» **DATA BELOW**:
·····

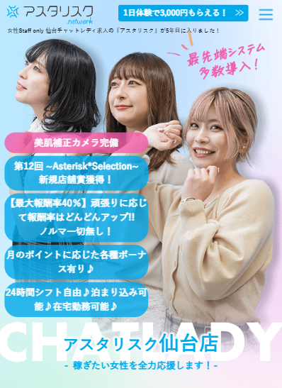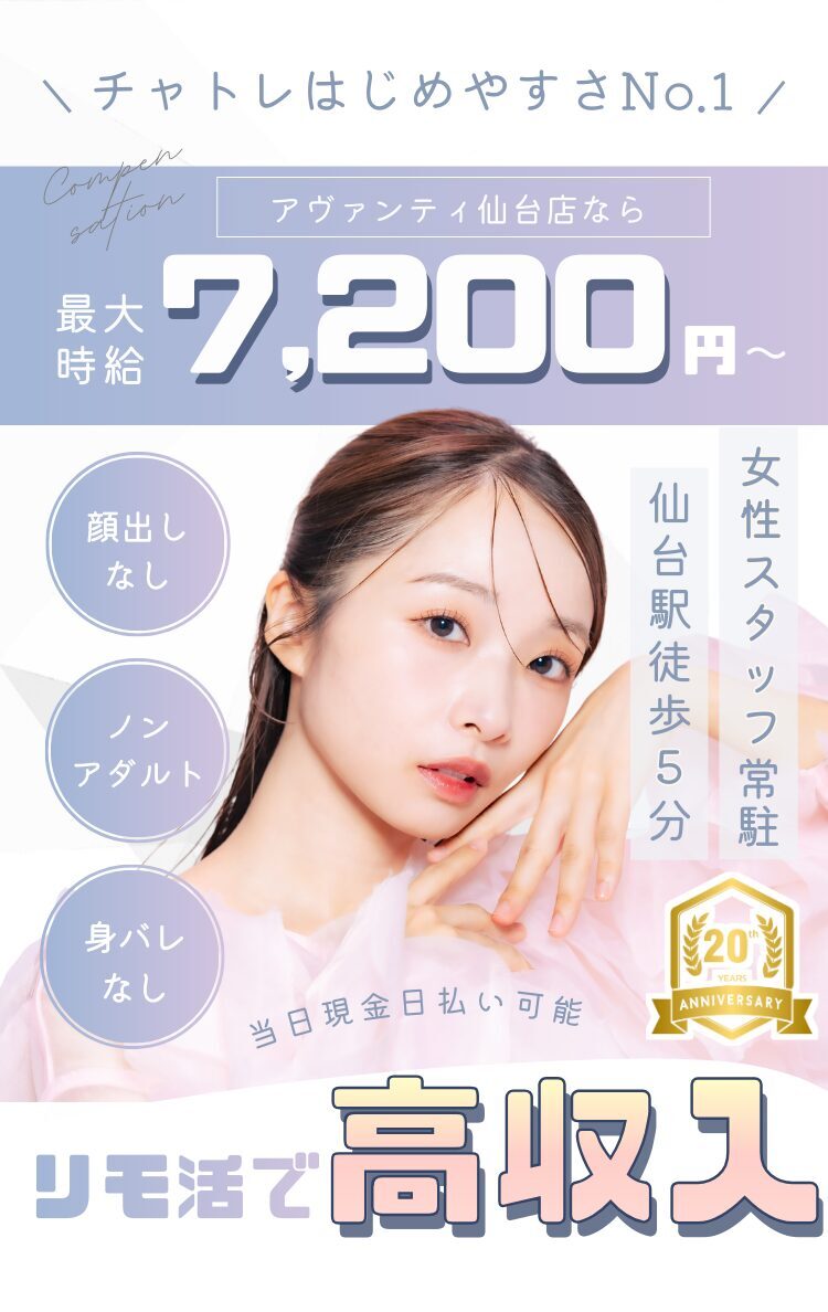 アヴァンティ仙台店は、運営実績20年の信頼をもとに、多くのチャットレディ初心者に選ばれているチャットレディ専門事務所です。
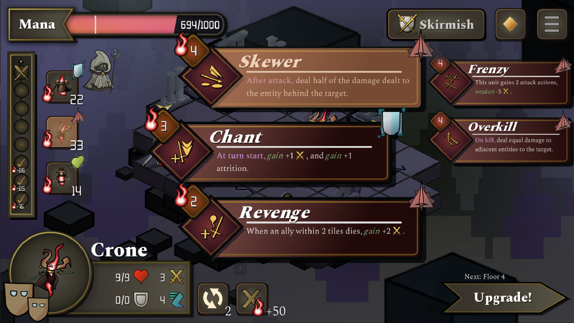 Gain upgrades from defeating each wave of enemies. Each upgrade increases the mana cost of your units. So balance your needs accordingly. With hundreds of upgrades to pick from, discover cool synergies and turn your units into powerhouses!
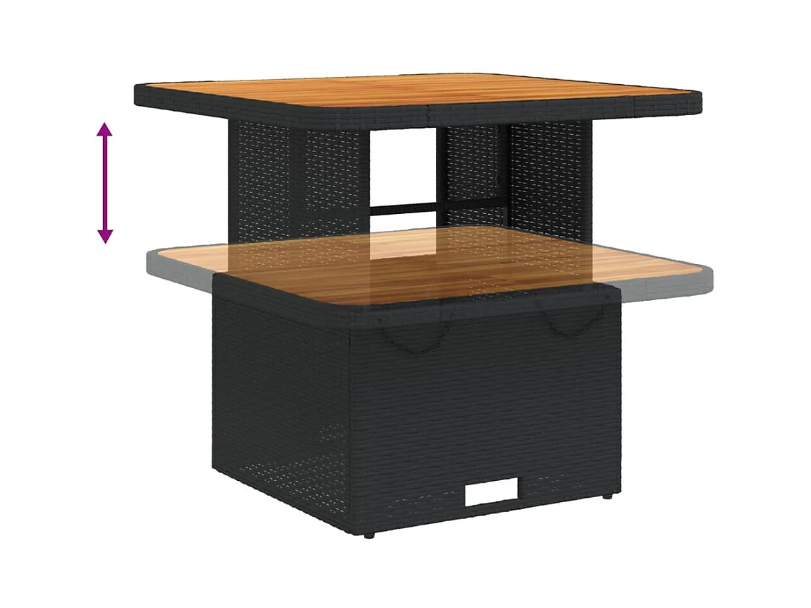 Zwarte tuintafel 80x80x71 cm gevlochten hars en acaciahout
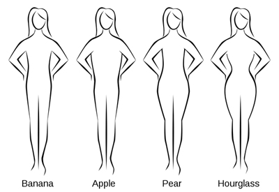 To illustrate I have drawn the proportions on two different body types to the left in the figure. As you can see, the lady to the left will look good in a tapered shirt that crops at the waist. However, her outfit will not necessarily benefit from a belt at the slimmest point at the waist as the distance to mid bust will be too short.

·····

» **PROBLEM TO SOLVE**: Give the listing above again exactly, minus any images.

» **TASK OUTPUT**:
 アヴァンティ仙台店は、運営実績20年の信頼をもとに、多くのチャットレディ初心者に選ばれているチャットレディ専門事務所です。
 Gain upgrades from defeating each wave of enemies. Each upgrade increases the mana cost of your units. So balance your needs accordingly. With hundreds of upgrades to pick from, discover cool synergies and turn your units into powerhouses!
 Zwarte tuintafel 80x80x71 cm gevlochten hars en acaciahout
 To illustrate I have drawn the proportions on two different body types to the left in the figure. As you can see, the lady to the left will look good in a tapered shirt that crops at the waist. However, her outfit will not necessarily benefit from a belt at the slimmest point at the waist as the distance to mid bust will be too short.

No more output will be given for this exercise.